05/11/2013 01:10 am ET Updated Dec 06, 2017

Mother Of The Year I'm Not


You could always pick my kid out in the Halloween parade lineup as the only child with a store bought costume. I'm also the mom who brought in Safeway brand cupcakes when it was my turn to provide snacks. Mother Teresa I'm not.

I likewise confess to apologizing to my daughter on more than one occasion for making a judgment call that turned out to be less than stellar. In addition, an occasional curse word would slip loudly from my lips in her presence.

I would then smile and tell her that she was my practice child, and I would be so much better with the next one. We both knew she would always be my one and only, so we both made allowances for my mistakes along the way. And there were plenty of them.

That being said, I never missed a play, an award ceremony, a field trip or a back-to-school night. It also warrants mentioning that I was the class party helper for 12 years running. Candy canes, pipe cleaners and glue guns progressed into Indian costumes, '50s dances, hero week, science projects, dioramas (man, I hated those things) and D.A.R.E. programs. We both happily survived pajama parties, teenage angst, dating drama and college calamities. I was up front and present for each and every one of them.

So, when Mother's Day rolls around, I figure I've got a bit of good karma coming my way. When you're a 59-year-old mother with a daughter that is fully grown, Mother's Day becomes mostly about memories.

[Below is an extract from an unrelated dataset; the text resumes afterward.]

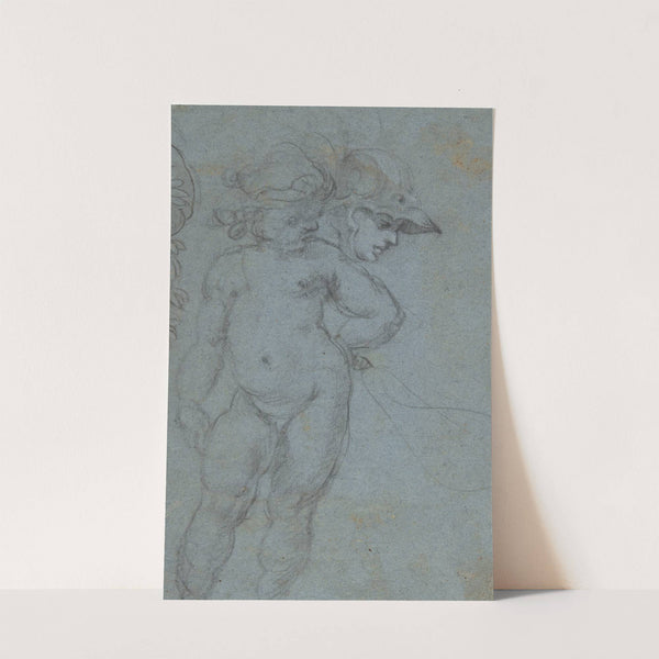 Standing Nude Putto and Study of a Helmeted Head by Domenico Gargiulo - Wall Art Print

Visions of silly string wars, sleep-overs, kissing boo-boos, reading books, singing her to sleep, birthday parties, board-games, roller skates, glitter artwork and Play-Doh projects. And then there were the outings. I don't think that going to a Disney movie can officially be called an outing, but when you see "Snow White" 8 times, I think you get to call it whatever you want.

One Mother's Day morning, as my 8-year-old daughter served me crunchy eggs and burned toast for breakfast, she asked me why there wasn't a "kid's day". I responded that every day was kid's day. She didn't buy it.

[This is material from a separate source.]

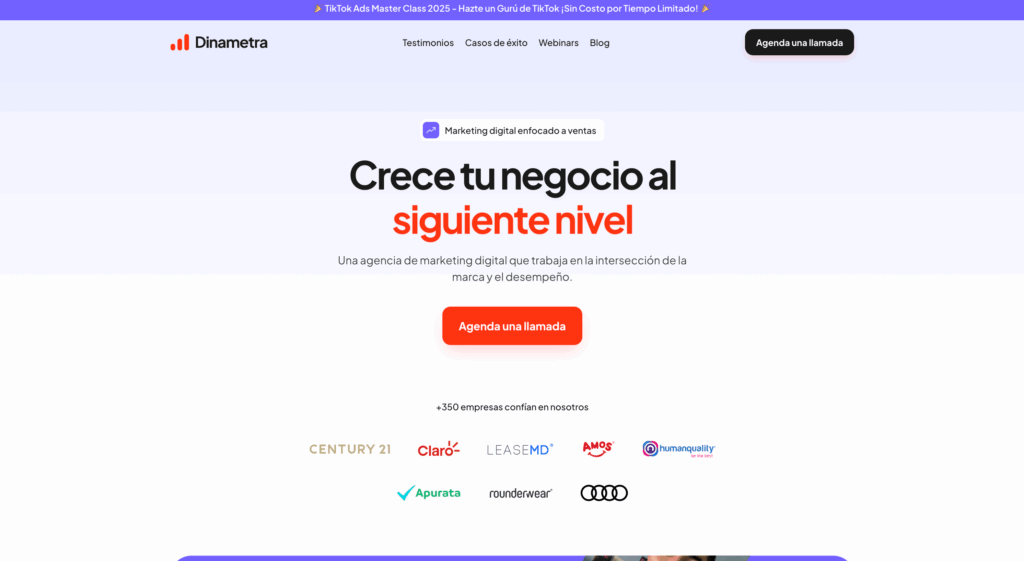 Dinametra es una agencia de TikTok que se especializa en la gestión de anuncios de extremo a extremo, desde la creación de videos hasta la generación de informes. Su principal propuesta de valor es enfocarse estrictamente en los resultados tangibles y no en métricas de vanidad como impresiones o clics.

I guess it's hard to imagine that every day is your special day when you're being given curfews, nagged about homework, asked to clean up your room and told to feed the dog. But the cold hard truth is that when you are a child of loving parents, every day IS your day.

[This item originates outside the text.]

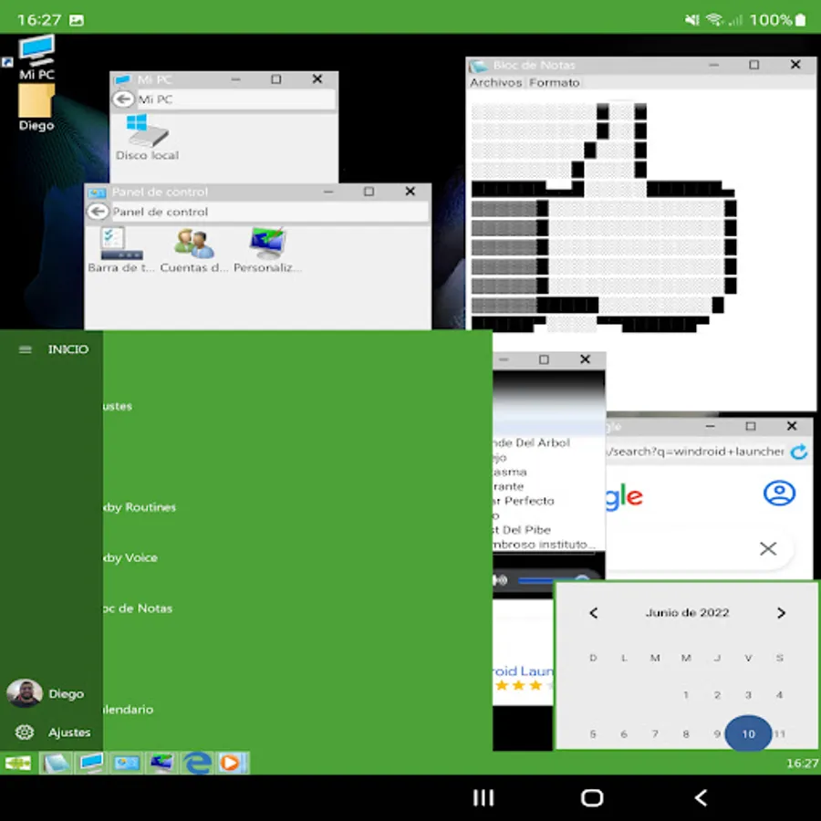Ademas contiene una barra de tarea y selector de aplicaciones. Es cómoda, intuitiva, rápida y eficiente. Gracias al soporte multitareas, puede ejecutar muchas aplicaciones nativas al mismo tiempo.

Nearly 20 years later, I've often shared with my daughter that I hoped that one day she would know the joy of having a little girl just like her. She winces at the thought. The kid is smarter than she lets on.

Motherhood is tough business. I believe that the reason labor pains are so agonizing, so gut wrenching, so bloody and endless is because its purpose is to toughen us up for the hard part. Labor is a piece of cake compared to the actual raising of a child.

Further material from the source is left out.